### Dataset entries

+++

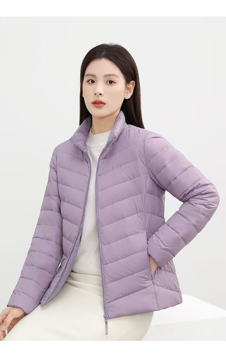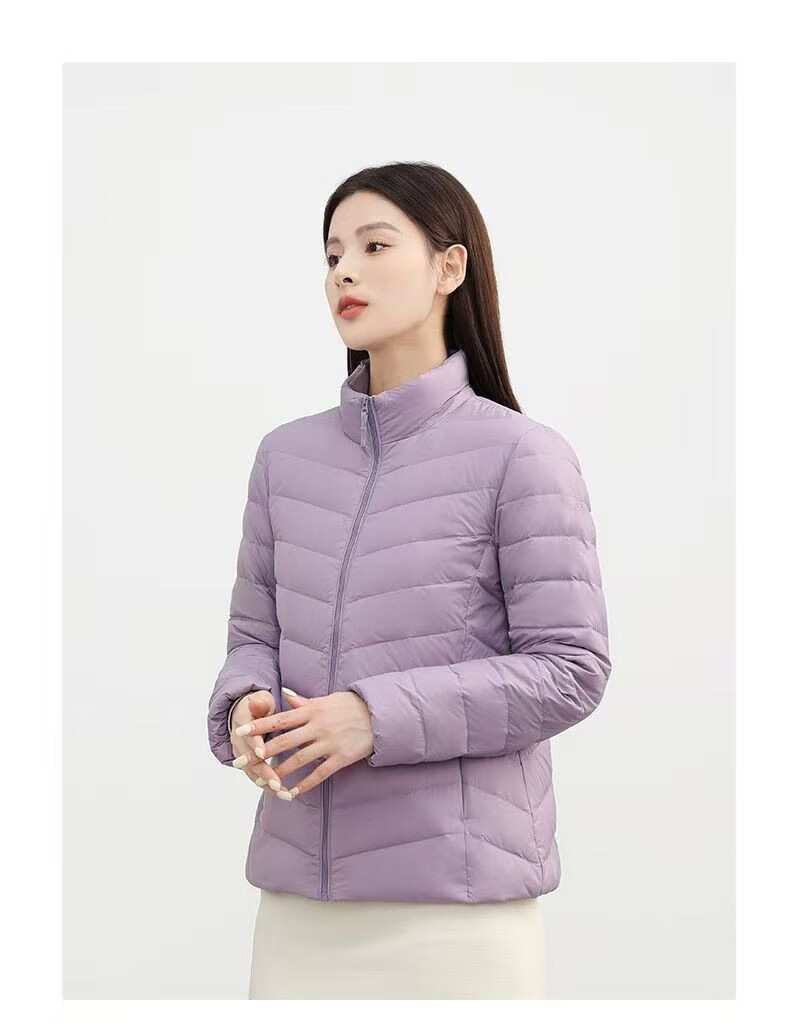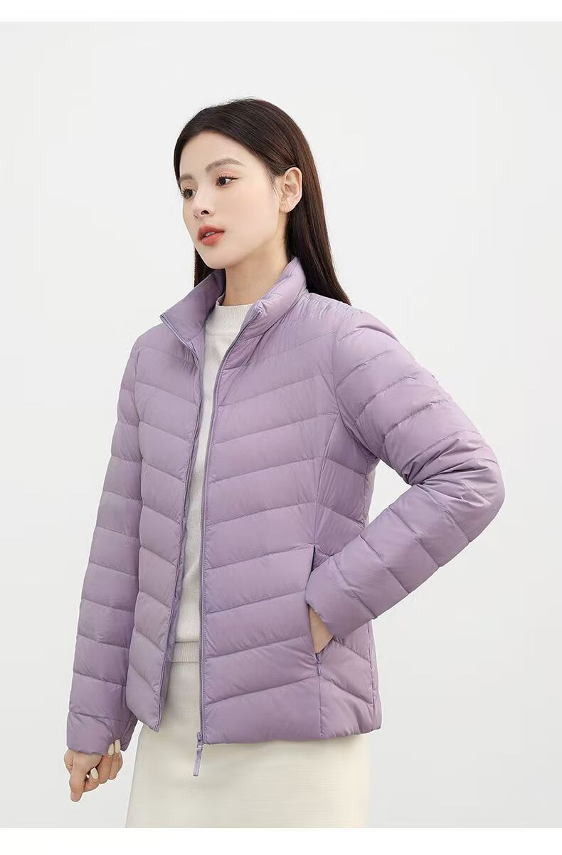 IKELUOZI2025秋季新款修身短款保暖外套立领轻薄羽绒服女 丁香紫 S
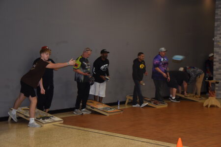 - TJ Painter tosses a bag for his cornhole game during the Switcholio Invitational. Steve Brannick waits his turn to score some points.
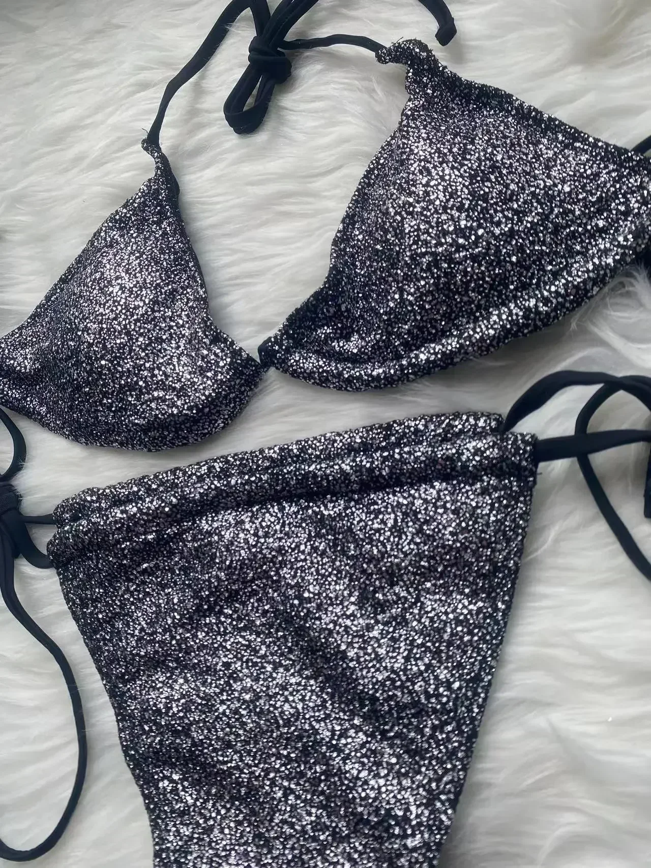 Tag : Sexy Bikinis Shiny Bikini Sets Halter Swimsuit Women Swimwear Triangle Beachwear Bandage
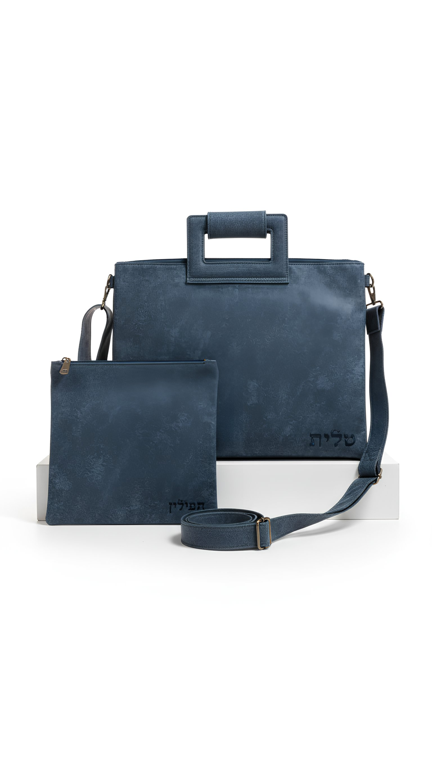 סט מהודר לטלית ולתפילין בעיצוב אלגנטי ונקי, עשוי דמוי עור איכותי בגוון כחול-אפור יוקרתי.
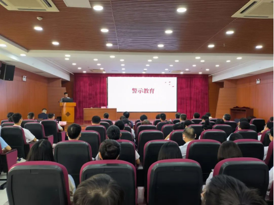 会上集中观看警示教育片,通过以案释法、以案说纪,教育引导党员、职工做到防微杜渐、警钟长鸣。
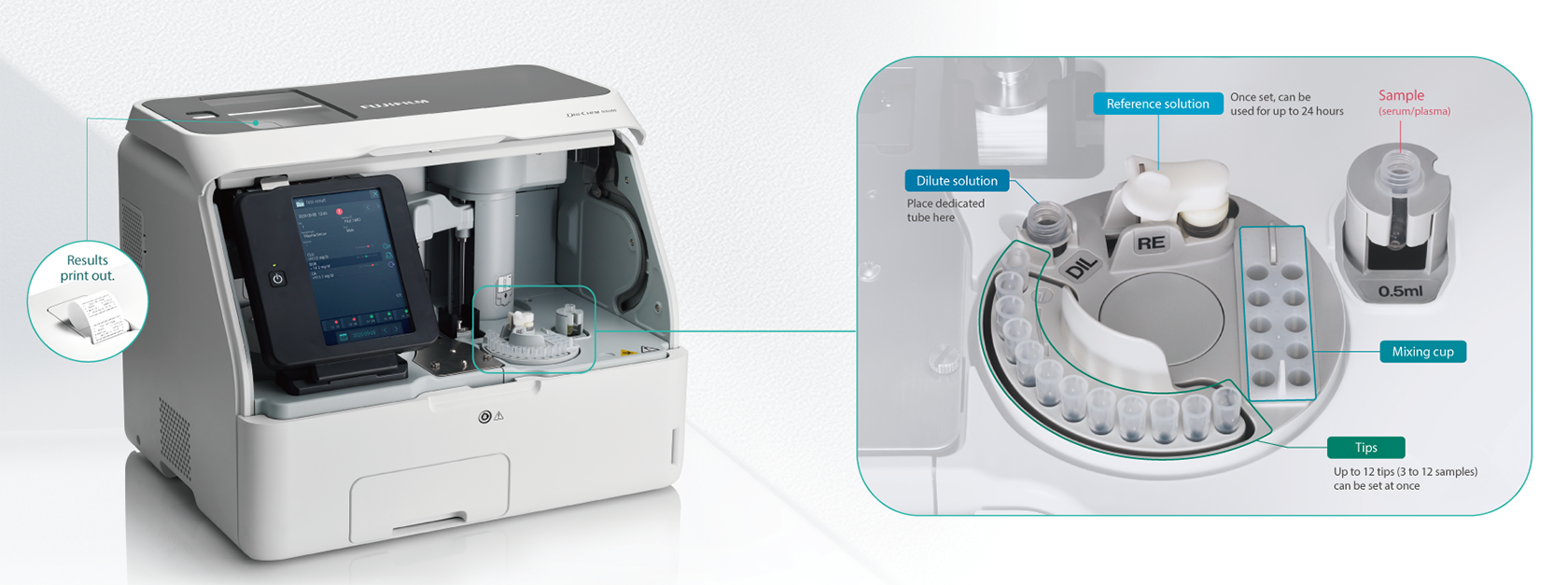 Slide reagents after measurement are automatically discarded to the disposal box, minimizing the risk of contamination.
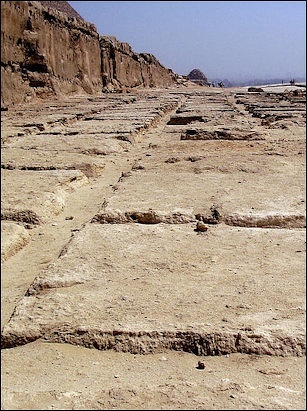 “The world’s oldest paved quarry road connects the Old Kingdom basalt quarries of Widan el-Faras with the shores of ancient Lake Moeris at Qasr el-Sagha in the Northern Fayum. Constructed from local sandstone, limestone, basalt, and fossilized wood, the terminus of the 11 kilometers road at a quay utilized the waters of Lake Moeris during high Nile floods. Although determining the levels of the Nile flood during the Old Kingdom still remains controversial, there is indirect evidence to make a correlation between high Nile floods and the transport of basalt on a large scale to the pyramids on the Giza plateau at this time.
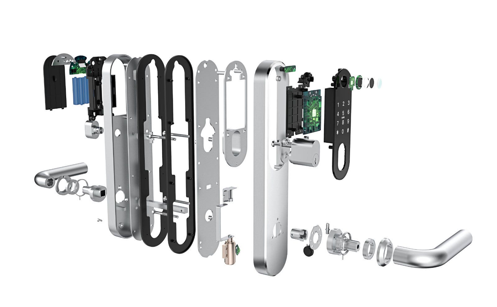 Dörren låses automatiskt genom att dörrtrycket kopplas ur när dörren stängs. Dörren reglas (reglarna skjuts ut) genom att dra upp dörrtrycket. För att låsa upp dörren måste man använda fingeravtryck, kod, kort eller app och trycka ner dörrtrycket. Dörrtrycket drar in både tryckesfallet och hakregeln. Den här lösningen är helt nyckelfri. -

+++

### WHAT IS REQUIRED
Take the lines from the one holding "סט מהודר לטלית" through the last line of the data above and copy them exactly, both ends included, omitting all pictures.

### THE ANSWER
 סט מהודר לטלית ולתפילין בעיצוב אלגנטי ונקי, עשוי דמוי עור איכותי בגוון כחול-אפור יוקרתי.
 会上集中观看警示教育片,通过以案释法、以案说纪,教育引导党员、职工做到防微杜渐、警钟长鸣。
 Slide reagents after measurement are automatically discarded to the disposal box, minimizing the risk of contamination.
 “The world’s oldest paved quarry road connects the Old Kingdom basalt quarries of Widan el-Faras with the shores of ancient Lake Moeris at Qasr el-Sagha in the Northern Fayum. Constructed from local sandstone, limestone, basalt, and fossilized wood, the terminus of the 11 kilometers road at a quay utilized the waters of Lake Moeris during high Nile floods. Although determining the levels of the Nile flood during the Old Kingdom still remains controversial, there is indirect evidence to make a correlation between high Nile floods and the transport of basalt on a large scale to the pyramids on the Giza plateau at this time.
 Dörren låses automatiskt genom att dörrtrycket kopplas ur när dörren stängs. Dörren reglas (reglarna skjuts ut) genom att dra upp dörrtrycket. För att låsa upp dörren måste man använda fingeravtryck, kod, kort eller app och trycka ner dörrtrycket. Dörrtrycket drar in både tryckesfallet och hakregeln. Den här lösningen är helt nyckelfri. -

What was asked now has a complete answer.